(Stored data)
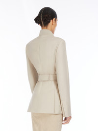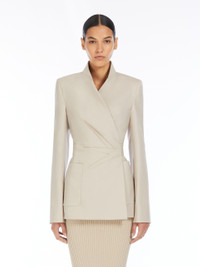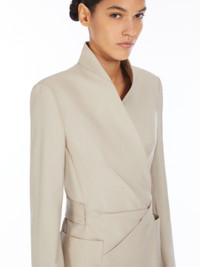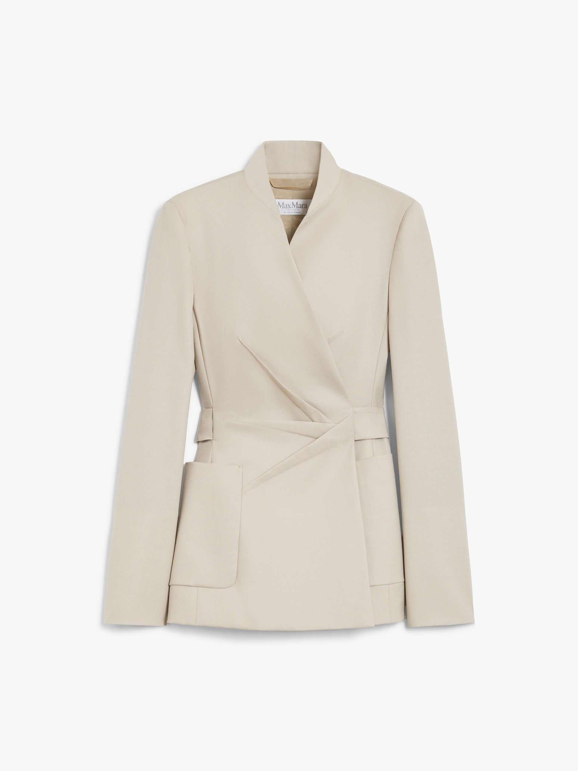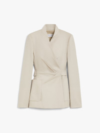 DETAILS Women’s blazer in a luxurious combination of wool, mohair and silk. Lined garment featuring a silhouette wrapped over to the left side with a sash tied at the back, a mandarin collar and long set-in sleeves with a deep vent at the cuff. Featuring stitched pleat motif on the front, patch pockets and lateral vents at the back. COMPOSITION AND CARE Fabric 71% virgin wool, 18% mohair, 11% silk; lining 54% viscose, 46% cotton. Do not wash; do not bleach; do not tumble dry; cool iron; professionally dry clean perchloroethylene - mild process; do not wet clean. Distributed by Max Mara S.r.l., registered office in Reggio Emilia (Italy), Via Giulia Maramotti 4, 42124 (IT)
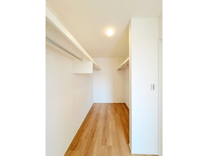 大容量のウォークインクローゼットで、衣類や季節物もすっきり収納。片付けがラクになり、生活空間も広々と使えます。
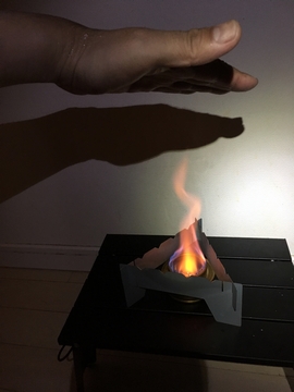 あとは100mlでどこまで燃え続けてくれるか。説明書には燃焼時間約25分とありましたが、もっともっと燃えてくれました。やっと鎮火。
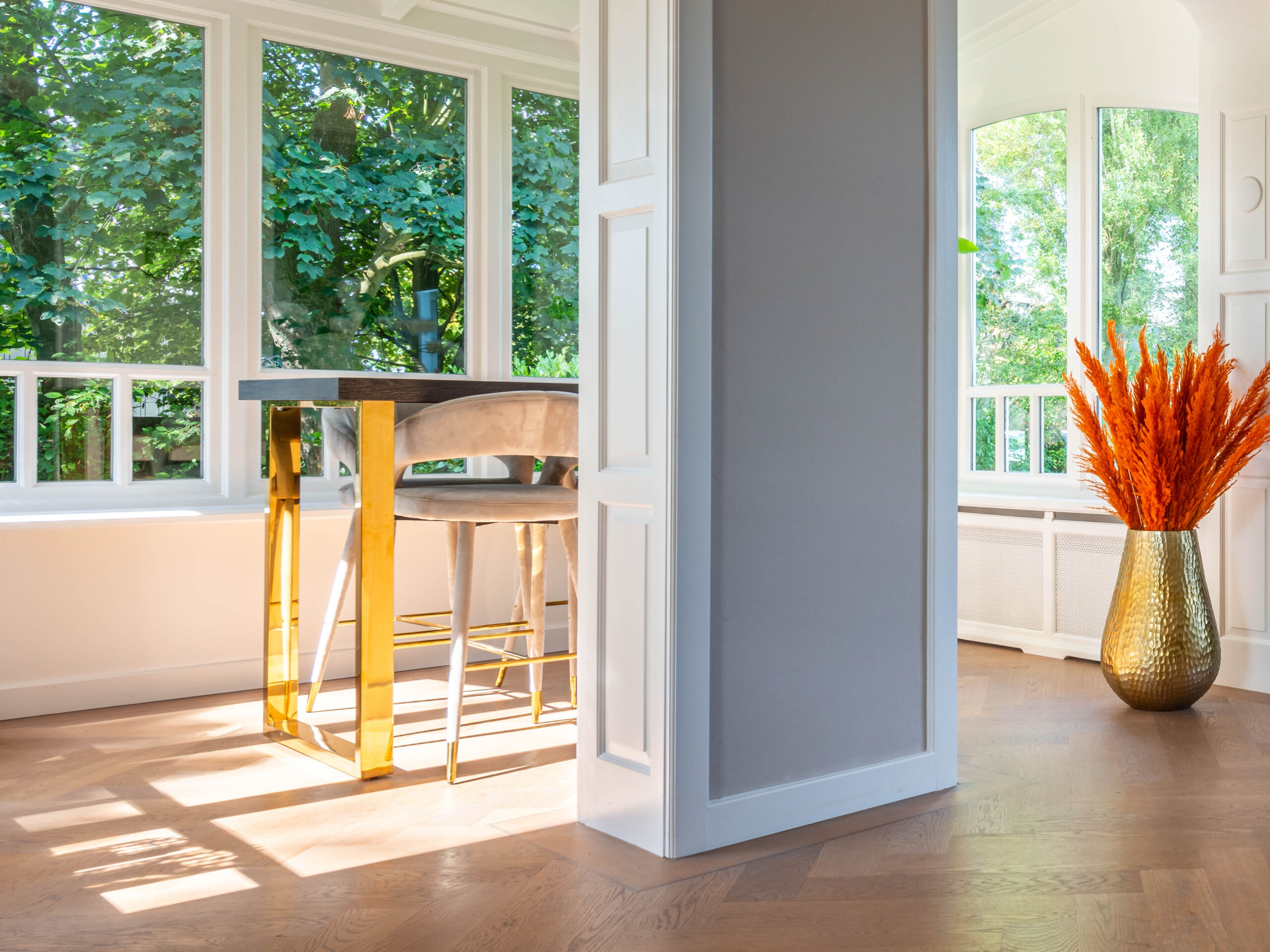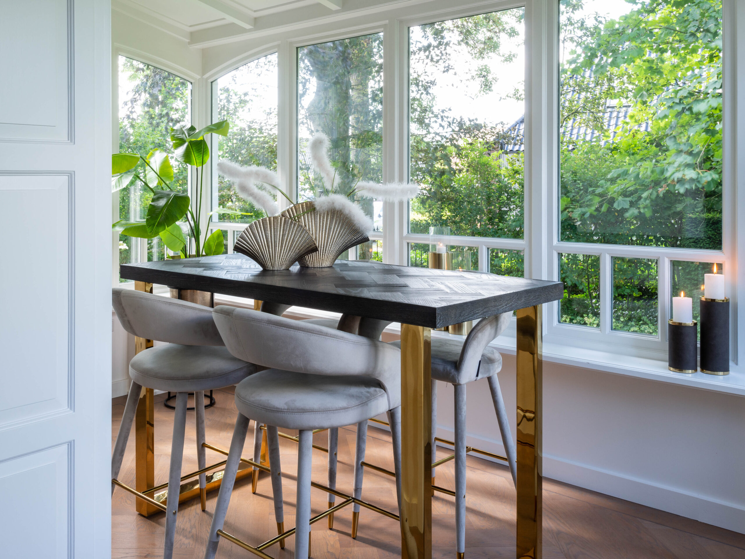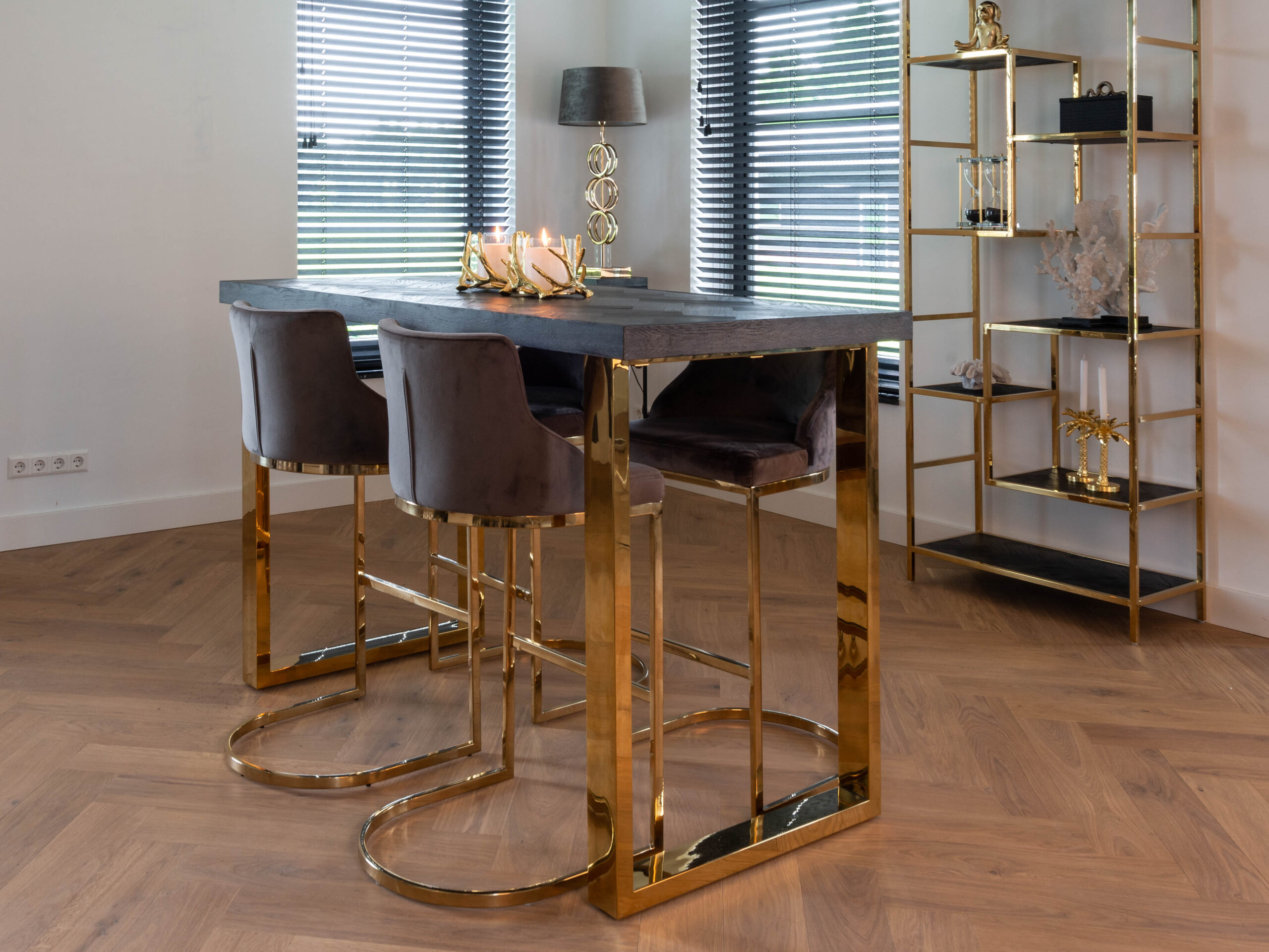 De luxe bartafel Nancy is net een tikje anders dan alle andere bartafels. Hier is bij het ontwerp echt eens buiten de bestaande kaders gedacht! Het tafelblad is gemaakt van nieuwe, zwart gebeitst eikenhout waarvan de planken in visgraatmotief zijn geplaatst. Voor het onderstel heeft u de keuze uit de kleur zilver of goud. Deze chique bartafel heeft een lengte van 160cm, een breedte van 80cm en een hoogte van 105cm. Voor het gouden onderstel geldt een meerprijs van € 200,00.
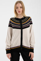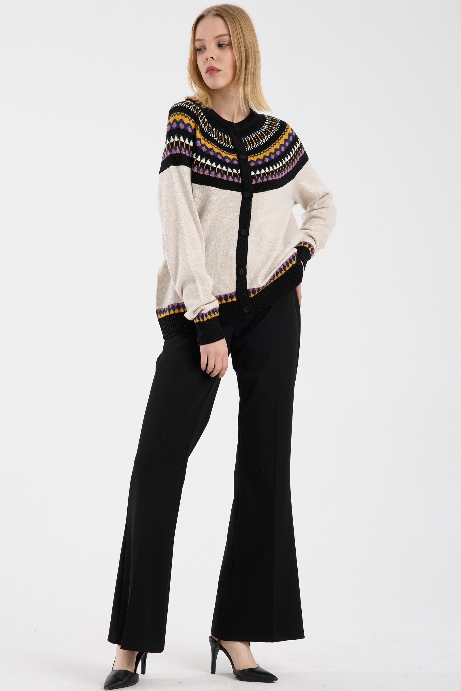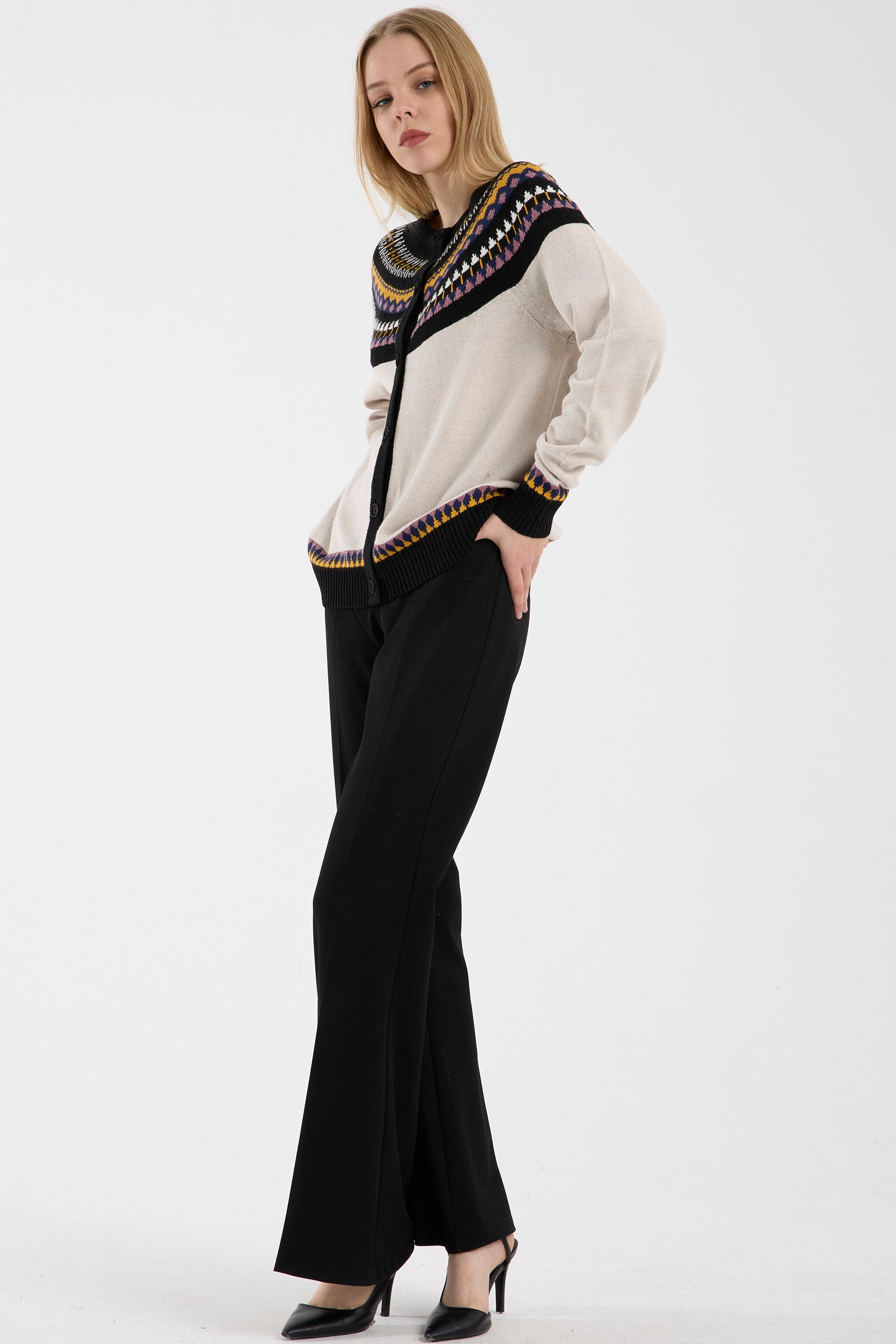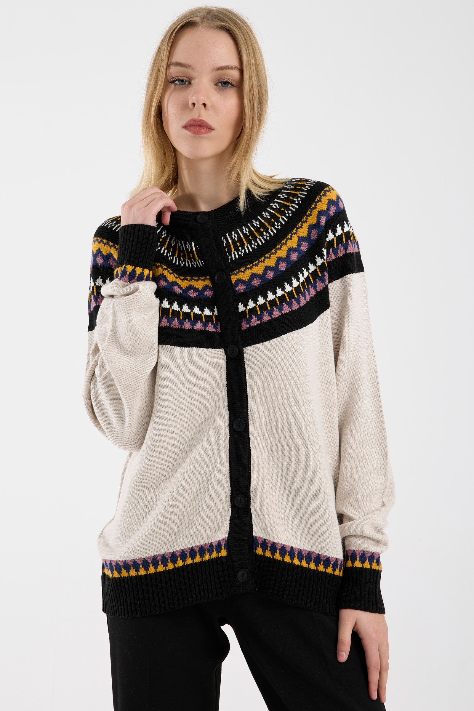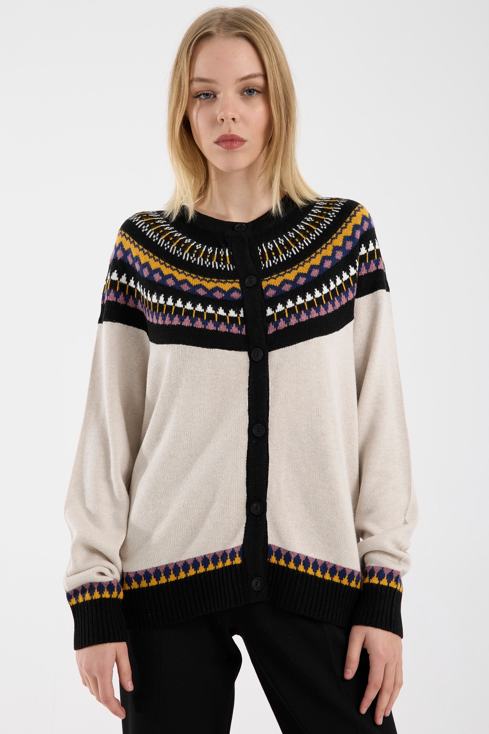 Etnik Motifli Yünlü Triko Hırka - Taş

INSTRUCTIONS TO FOLLOW ▸
Print all of the entries word for word. Skip any images they contain.

WRITTEN ANSWER ▸
 DETAILS Women’s blazer in a luxurious combination of wool, mohair and silk. Lined garment featuring a silhouette wrapped over to the left side with a sash tied at the back, a mandarin collar and long set-in sleeves with a deep vent at the cuff. Featuring stitched pleat motif on the front, patch pockets and lateral vents at the back. COMPOSITION AND CARE Fabric 71% virgin wool, 18% mohair, 11% silk; lining 54% viscose, 46% cotton. Do not wash; do not bleach; do not tumble dry; cool iron; professionally dry clean perchloroethylene - mild process; do not wet clean. Distributed by Max Mara S.r.l., registered office in Reggio Emilia (Italy), Via Giulia Maramotti 4, 42124 (IT)
 大容量のウォークインクローゼットで、衣類や季節物もすっきり収納。片付けがラクになり、生活空間も広々と使えます。
 あとは100mlでどこまで燃え続けてくれるか。説明書には燃焼時間約25分とありましたが、もっともっと燃えてくれました。やっと鎮火。
 De luxe bartafel Nancy is net een tikje anders dan alle andere bartafels. Hier is bij het ontwerp echt eens buiten de bestaande kaders gedacht! Het tafelblad is gemaakt van nieuwe, zwart gebeitst eikenhout waarvan de planken in visgraatmotief zijn geplaatst. Voor het onderstel heeft u de keuze uit de kleur zilver of goud. Deze chique bartafel heeft een lengte van 160cm, een breedte van 80cm en een hoogte van 105cm. Voor het gouden onderstel geldt een meerprijs van € 200,00.
 Etnik Motifli Yünlü Triko Hırka - Taş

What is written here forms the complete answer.